The special bipartite structure of the RBM and EFH results in a
very efficient Gibbs sampler that alternates between sampling all
hidden variables independently given values for the observed
variables and vice versa sampling all visible variables
independently given values for the hidden variables. The efficient
Gibbs sampler directly translates into an efficient * contrastive*
divergence learning algorithm* (see previous section Figure 1).*

## Relation to Independent and Extreme Components Analysis

Noiseless **Independent Components Analysis** (ICA)
(Comon 1994) with an equal number of input dimensions and source
distributions can be written as a PoE model as follows,

\[\tag{8} P(x|\{w_j\}) = |\det(W)|~\prod_{j=1}^M p_j\left(\sum_i w_{ji} x_i\right) \]

where \(W\) is the matrix with

elements \(w_{ji}\ .\)

Note that each expert, \(p_j\ ,\) is defined as a distribution on a one-dimensional projection of the input space. One can think of each projection as a "source" and a linear combination of these sources generated the signal. Unless \(W\) is rank deficient, the product is a well defined distribution over the entire input space.
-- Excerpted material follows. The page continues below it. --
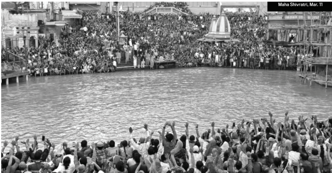
Maha Shivratri, Mar. 11

struktur, der tidligere var etableret i sundhedsvæsenet, mindsket antallet af testlaboratorier og man gjorde ikke noget ud af smitteopsporingen. Endvidere blev genetisk kortlægning ikke prioriteret end ikke efter, at der opstod bekymringer for, at det var en muteret virus, der var årsag til anden bølge. Og så blev problemet med det manglende sundhedspersonale og mangel på ilt aldrig forsøgt løst. Udrulningen af vacciner gik meget langsomt, selvom Indien har en ledende rolle i vaccineproduktionen, og medicin,

Choosing heavy tailed Student-T distributions as the experts one obtains the general form of the "Products of Student-T" distribution (PoT) (Welling et. al. 2002). The PoT can be represented with the help of auxiliary variables (taking the role of hidden variables) as follows,

\[\tag{9} P(x,h)=\frac{1}{Z} \prod_{j=1}^M\exp\left(-h_j[1+\frac{1}{2} (\sum_iw_{ji}x_i)^2] + (1-\alpha_j)\log h_j \right) \]

where \(P(x|h)\) is
a full covariance Gaussian distribution and \(P(h|x)\) a
product of Gamma distributions.

The PoT becomes different from ICA if one chooses the number of
experts to be larger than the number of input dimensions (a.k.a.
an *over-complete representation*). In this case *marginal*
independence* between the hidden variables is lost, but *
*conditional independence* between the hidden variables is
retained. Over-complete variants of ICA that retain marginal
independence have also been proposed (Lewicki and Sejnowski 1998).
Over-complete ICA models have conditional dependencies between the hidden
variables known as *explaining away* which makes inference
difficult. In contrast, for the over-complete PoT model inference
over the hidden variables given observations is trivial due to the
absence of such conditional dependencies
(Teh et. al. 2003).

Instead of the non-Gaussian experts used for ICA, one can also
choose an *under-complete* (\(M<d\)) set of
one-dimensional * Gaussian* experts, i.e. \(p_j\left(\sum_i
w_{ji} x_i\right)\) with \(p_j(\cdot)\) Gaussian. Using the
fact that the inverse-covariance of the product is equal to the sum of the
inverse-covariances of the individual Gaussian experts one can formulate
probabilistic principal component analysis (Roweis, 1997; Tipping and Bishop, 1999) or probabilistic minor
component analysis (Williams and Agakov, 2002). However, it is also possible to formulate a
model that extracts the optimal combination of principal and minor components in the spectrum of
the sample covariance matrix. The probabilistic model, known as
``eXtreme Components Analysis* (XCA), is described in*
(Welling et. al. 2003).

## Applications of PoEs

Variants of PoEs have been applied under different names to
various data-domains: for example the *rate-coded RBM* to face
recognition (Teh and Hinton 2001), the *dual wing harmonium* to
video-track data (Xing et. al. 2005), the *rate adapting*
Poisson* model (see Figure 1) to text and image*
data (Gehler et. al 2006), the *product of HMMs* model to
language data (Brown and Hinton 2001), *hierarchical* versions of
PoE to digits (Hinton et. al 2006), text and collaborative filtering data
(Salakhutdinov et. al. 2007).

## References

- C.K.I. Williams and F.V. Agakov. Products of gaussians and probabilistic minor components analysis. Neural Computation, 14(5):1169--1182, 2002.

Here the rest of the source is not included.